Just computing the number 1234567890987654321^232434352546463 is impossible as a double. And even as a sym, that number will be truly immense. Something like

log10(1234567890987654321)*232434352546463
ans = 4.2051e+15

So roughly 4e15 decimal digits. You can't do it by computing that number even as a sym.

Can you do it using a simple loop, in a simple powermod form? Even there, you need to be careful, as the direct loop will require 232434352546463 iterations. And you cannot even store the integer 1234567890987654321 as a true integer in double precision form.

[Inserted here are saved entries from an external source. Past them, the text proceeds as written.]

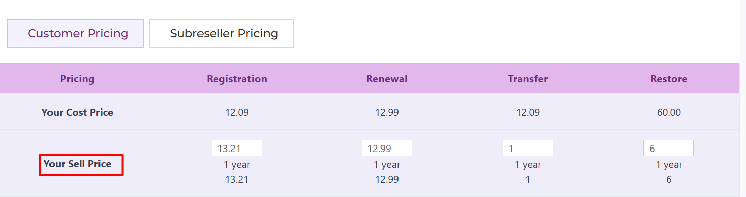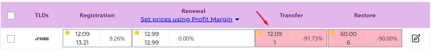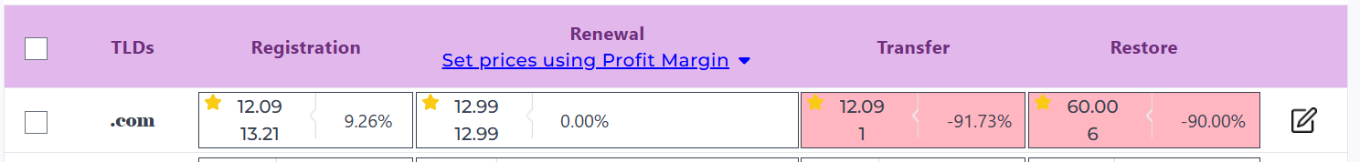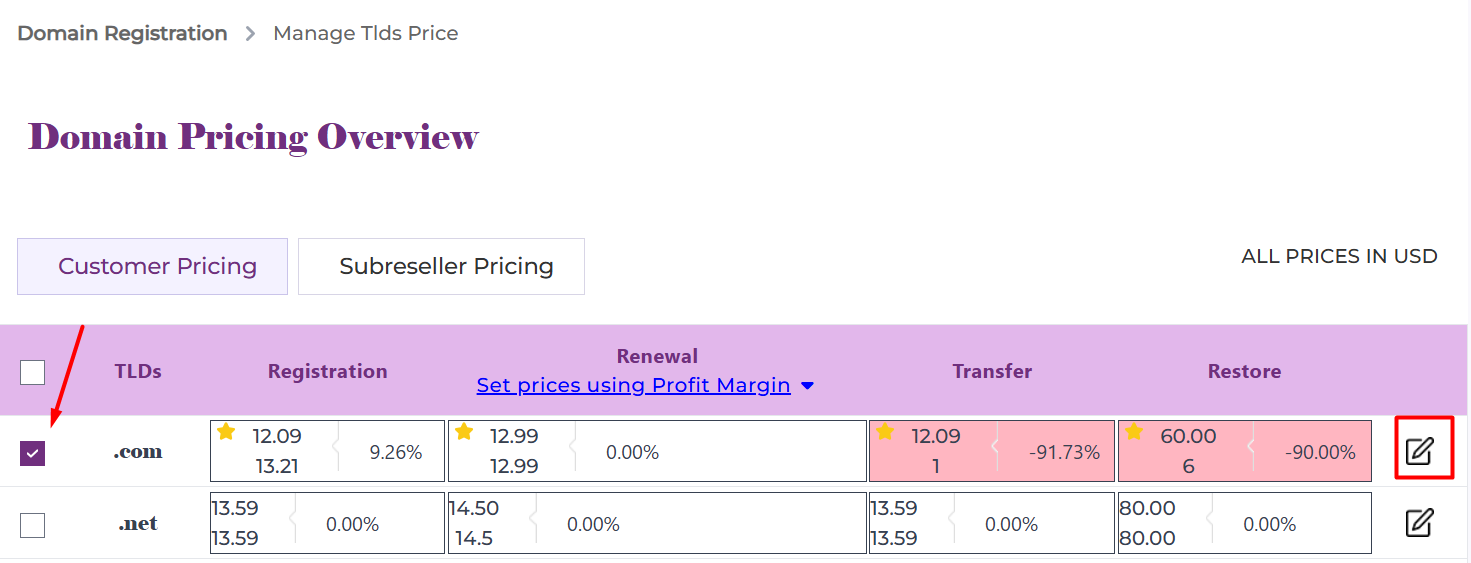- Once the TLD is selected, an edit icon will appear on the right side. Click on the edit icon to proceed to adjust the pricing.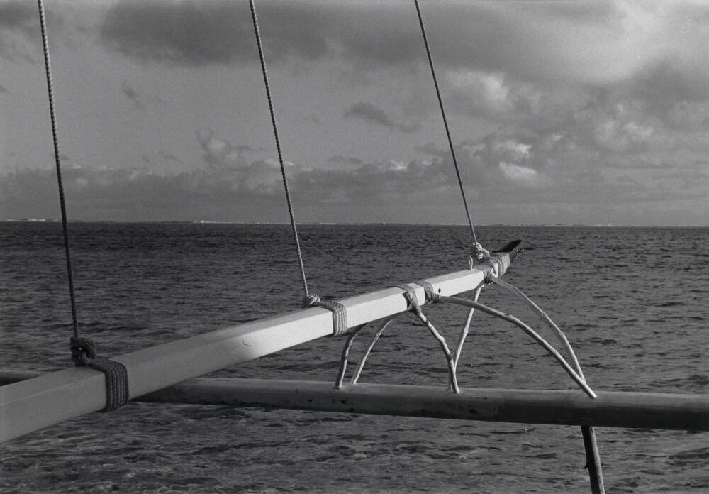 DescriptionImage of a tiller tethered with ropes extending out over a body of water with clouds in the sky.Copyright© The Ralston Crawford Estate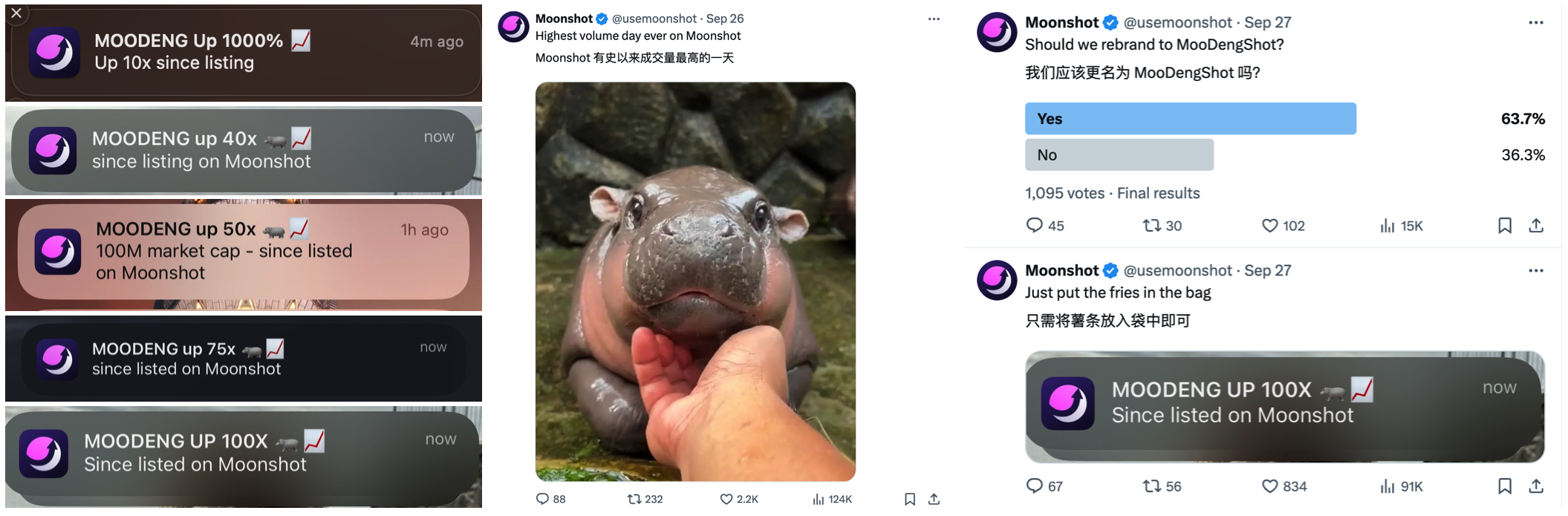 Moonshot 推出之初上线了许多代币,但影响力并没有出圈,直到遇见市值还未大幅拉升的 MOODENG。上线 MOODENG 时,Moonshot 没有专门为其发布推文。在 MOODENG 持续上涨后,官推所转发的「上币后涨幅」不断更新,9 月 26 日,Moonshot 发布推文「Moonshot 有史以来成交量最高的一天」并配文 MOODENG 河马的表情包。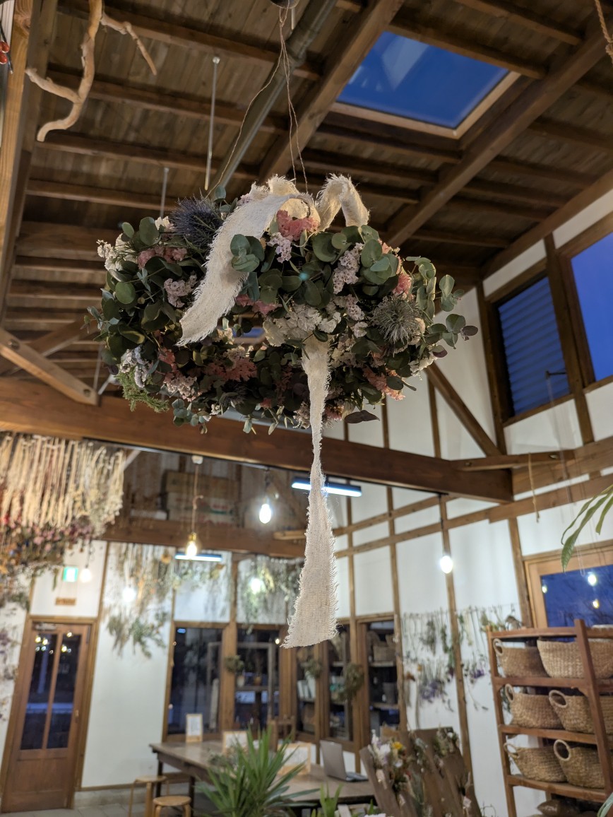 ゆらゆら揺れる、見上げて楽しむリースです。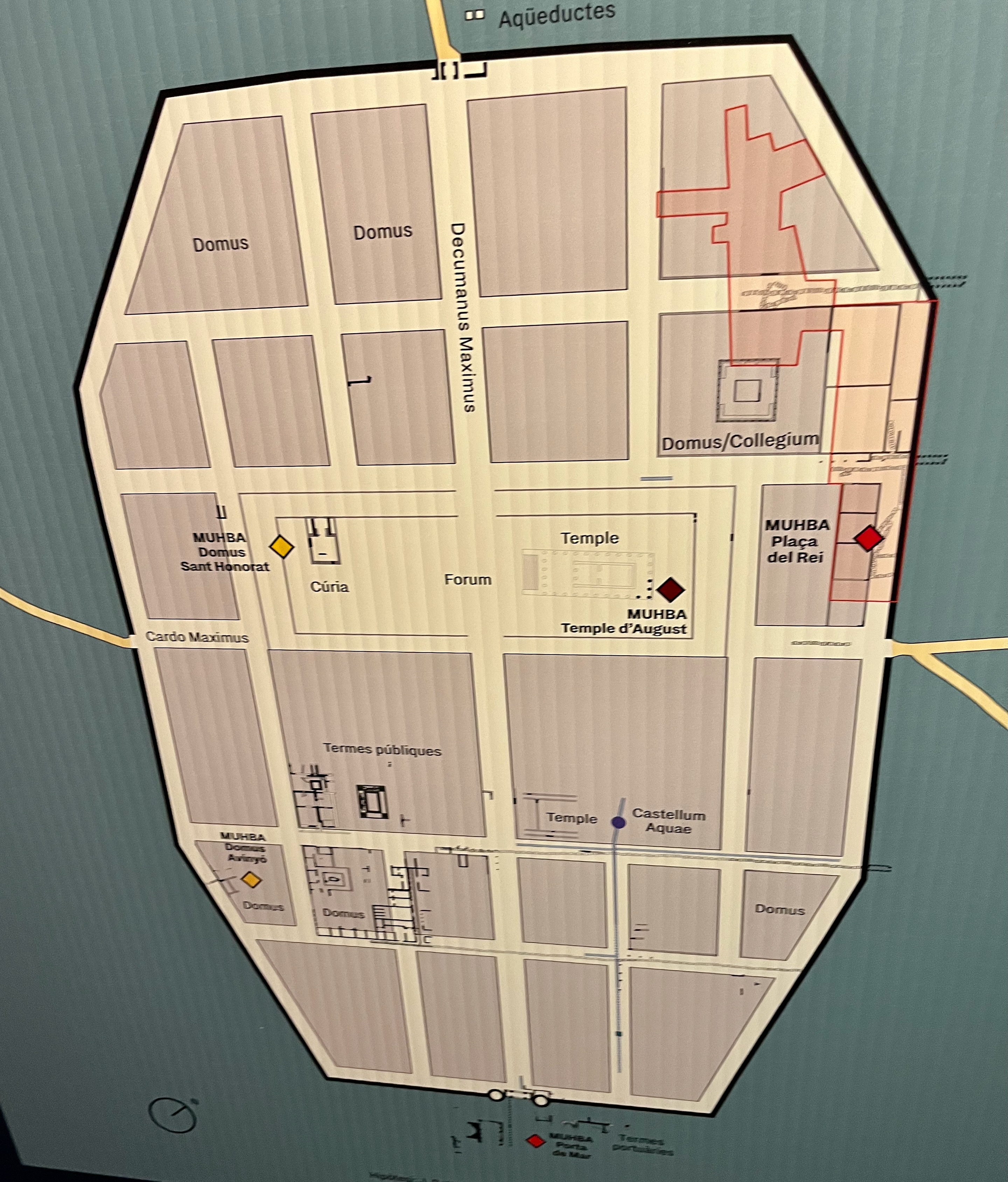 In about 15 BC, the Romans redrew the town as a Roman military camp centered on the “Mons Taber“, a little hill near the Catalan Government and city hall buildings. The Roman Forum, at the crossing of the Cardo Maximus and Decumanus Maximus was approximately placed where current Placa de Sant Jaume is. Thus, the political center of the city Catalonia.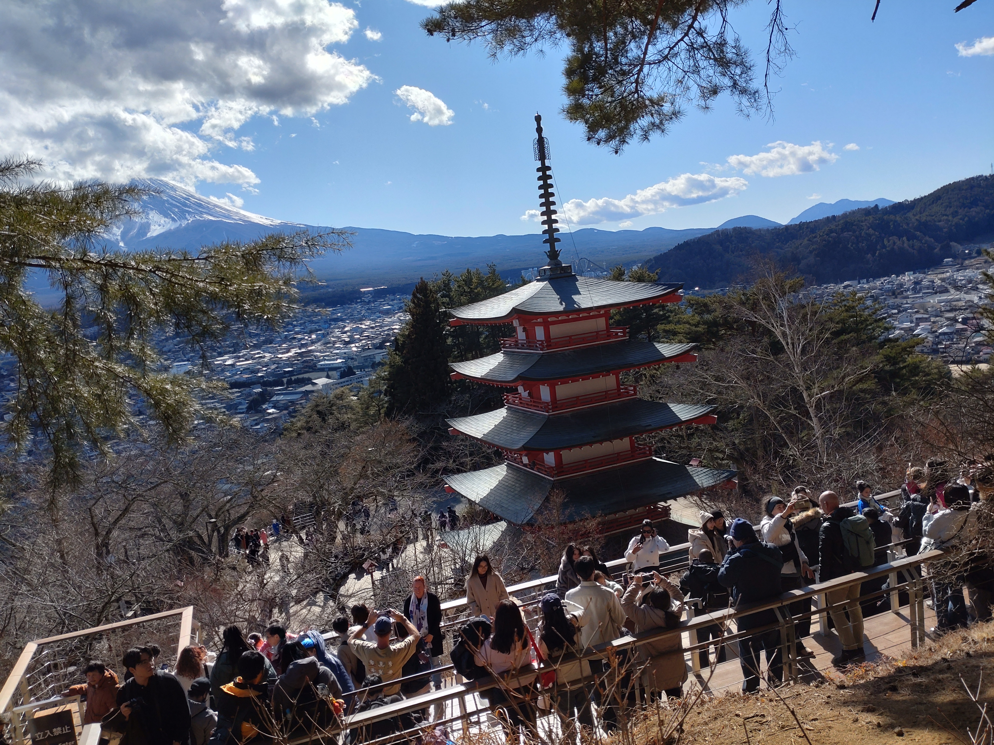 The park begins at the base of Mt. Arakurayama and extends up the mountain. At the top of a 398 stair hike is an observation deck that looks out over the cityscape of Fujiyoshida City and majestic Mt. Fuji towering above. Though the Spring sakura (cherry blossom) season is best for capturing the symbolic image of Mt. Fuji, cherry blossoms and five-storied pagoda,

So, really, the sym powermod tool is a hugely valuable tool. Or you can use my VPIJ toolbox (my successor to my own VPI tools.). Or you could use the Java.Math.BigInteger tools (on which I buit VPIJ.)

A useful trick, IF you did want to build your own powermod, is to compute the binary expansin of the exponent. That is, if we recognize that in binary form, that exponent is...

dec2bin(uint64(232434352546463))
ans = '110100110110010111010111000001000110001010011111'

Now by repeated squaring of the base (and then taking the mod), we can compute the powermod in no more than a few dozen multiplies and modulus operations. See that wherever we find a 1 in that expansion, it corresponds to a term we want to use. Not difficult to write.